Édison Preciado

Personal information
- Full name: Édison Andres Preciado Bravo
- Date of birth: 18 April 1986 (age 40)
- Place of birth: Huaquillas, El Oro, Ecuador
- Height: 1.70 m (5 ft 7 in)
- Position: Forward

Team information
- Current team: Liga de Cuenca (Liga Deportiva de Cuenca)

Youth career
- 2001–2002: Audaz Octubrino
- 2003–2004: Deportivo Cuenca

Senior career*
- Years: Team / Apps / (Gls)
- 2005–2009: Deportivo Cuenca / 108 / (24)
- 2007: → Técnico Univ. (loan) / 21 / (12)
- 2010–2013: El Nacional / 136 / (31)
- 2013–2015: Atlético San Luis / 31 / (8)
- 2015: El Nacional / 19 / (3)
- 2016: Delfín / 34 / (5)
- 2017–2020: Deportivo Cuenca / 88 / (6)
- 2020: Gualaceo / ? / (2)
- 2020–2021: Orense / 9 / (0)
- 2021–2022: Aviced FC
- 2023: Liga De Cuenca

International career
- 2010: Ecuador / 2 / (0)

= Édison Preciado =

Ecuadorian footballer (born 1986)

Édison Andres Preciado Bravo (born April 18, 1986) is an Ecuadorian footballer currently playing for Liga de Cuenca (Liga Deportiva de Cuenca).

==Club career==
Preciado started his professional career at Audaz Octubrino but was soon sold to Deportivo Cuenca. He played 3 seasons with Cuenca and was soon noted for his goal scoring ability. However, his real success was shown in the 2009 season.

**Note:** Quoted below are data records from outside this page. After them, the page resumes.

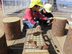 「これとれるね〜」と気づいたひぃちゃん。「これ木の皮じゃん!」とつぅくん。「お肉みたい!」「ほんとだね!」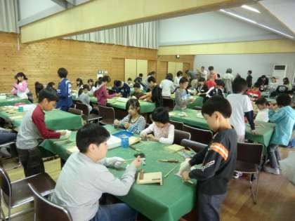 けがをしないように、注意深く、真剣に、竹を削りました。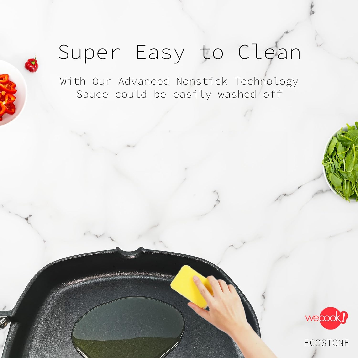 - 【HOCHWERTIGER ALUMINIUMGUSS】 Wecook EcoStone Induktions-Antihaft-Grillpfann mit glattem Boden aus nicht verformbarem Aluminiumguss mit grosser Schönheit und Eleganz, ideal für den täglichen Gebrauch.

After Cuenca qualified for the Copa Libertadores 2009, Preciado scored the only goal in a 1–0 home win against Boca Juniors. He signed for Ecuadorian giants El Nacional on January 6, 2009,

After two years in Mexican club Atletico San Luis, Preciado left the club in the summer 2015, as the parties couldn't agree on a contract extension. In July 2015, he returned to his former club El Nacional. In January 2016, Preciado moved to Delfín SC.

In January 2017, Preciado returned to Deportivo Cuenca where he played the next three years. In March 2020, he joined Gualaceo SC. In November 2020, Preciado joined Orense.

In the summer 2021, Preciado joined Aviced FC.